We have already met Konstantinos Parthenis in his first creative period, that of outdoor painting. After 1920, he turned towards anthropocentric, symbolist and allegorical subjects. With its powerful stylisation and light tonal palette, which makes his nimble, tall and thin figures seem like dreamlike projections on the canvas screen, Parthenis’ mature style had fully developed by this period. His works painted in this style seem like poetic reverie.
In the Thirties, certainly under conscious or unconscious influence by the predilections of that generation, Parthenis’ style changed. The curvilinear forms noted earlier now gave their place to a linear, angular writing, which often seemed to be supported by drawing instruments, such as the ruler and compass. Another notable change, probably related to Kontoglou’s return to the values of Byzantine art, was that the fresh, jubilant spring colours of the previous period were now replaced by the Byzantine palette and its earthy colours – brown, grey, dark blue. A common element with the previous period is the light hand, almost not human, which allows the canvas to show through and transforms the figures into dream-like fantasies projected on the painted surface.
Let us now “read” this monumental painting, an apotheosis, according to its title, of the great Greek revolutionary hero, Athanassios Diakos, who died a martyr’s death, near the Alamana Bridge on April 24, 1821.
The following lines are attributed to him by folk tradition:
Oh, that Death chose to take me now,
when the twigs are in full blossom and the soil is covered with fresh grass.
The artist seems to have had these lines in mind while making this monumental work, one of the crowning masterpieces of modern Greek art. He identified the hero’s resurrection and ascension with Christ’s Resurrection, both events occurring in the spring, around the month of April. On the left, a haloed figure, an Angel or one of the Myrrhophores, is startled upon discovering the empty tomb of the resurrected hero. In the middle, another angel, wearing a helmet and carrying a spear and shield, reminding us of a Christian goddess Athena, witnesses the miracle. Athanassios Diakos, in a classical chiton, rises in heaven, where he is received by angel musicians, similar to those in Greco’s paintings, while others are bringing laurel wreaths in order to crown him. A girl, as if out of Botticelli’s “Spring”, is sprinkling the hero with flowers from her lap. Incense is burning in a tall classical incense burner. The painting elevates the Greek Revolution into the sphere of the ideal world. The idealisation of history is also achieved through the symbols and the iconographical spirituality of the work.
In “The Apotheosis of Athanassios Diakos”, various influences, both iconographic and stylistic ones, join and blend: The drawing echoes classical pottery. The hero’s resurrection and ascension comes from the related Byzantine iconography. Flora, the personification of Spring in Botticelli’s work of the same title, is the iconographical source of the girl on the right.

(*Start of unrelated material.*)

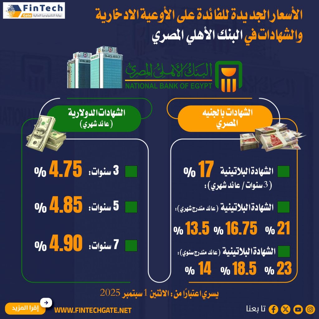 – تعديل سعر العائد على الشهادة البلاتينية بالجنيه المصري ذات العائد الشهري لمدة 3 سنوات ليصبح 17%

Greco’s tall and slender mannerist figures, as well as his bipartite arrangement of his works in an earthly and heavenly section have inspired the morphology and composition of the Apotheosis. The geometric shapes and broken outlines, where space and form mingle with each other, reveal the Cubist* influence on Parthenis. Moreover, his cerebral, anti-naturalistic colours also originated in Cubism. This influence was reinforced by the shift towards the Byzantine tradition by the “Generation of the Thirties”.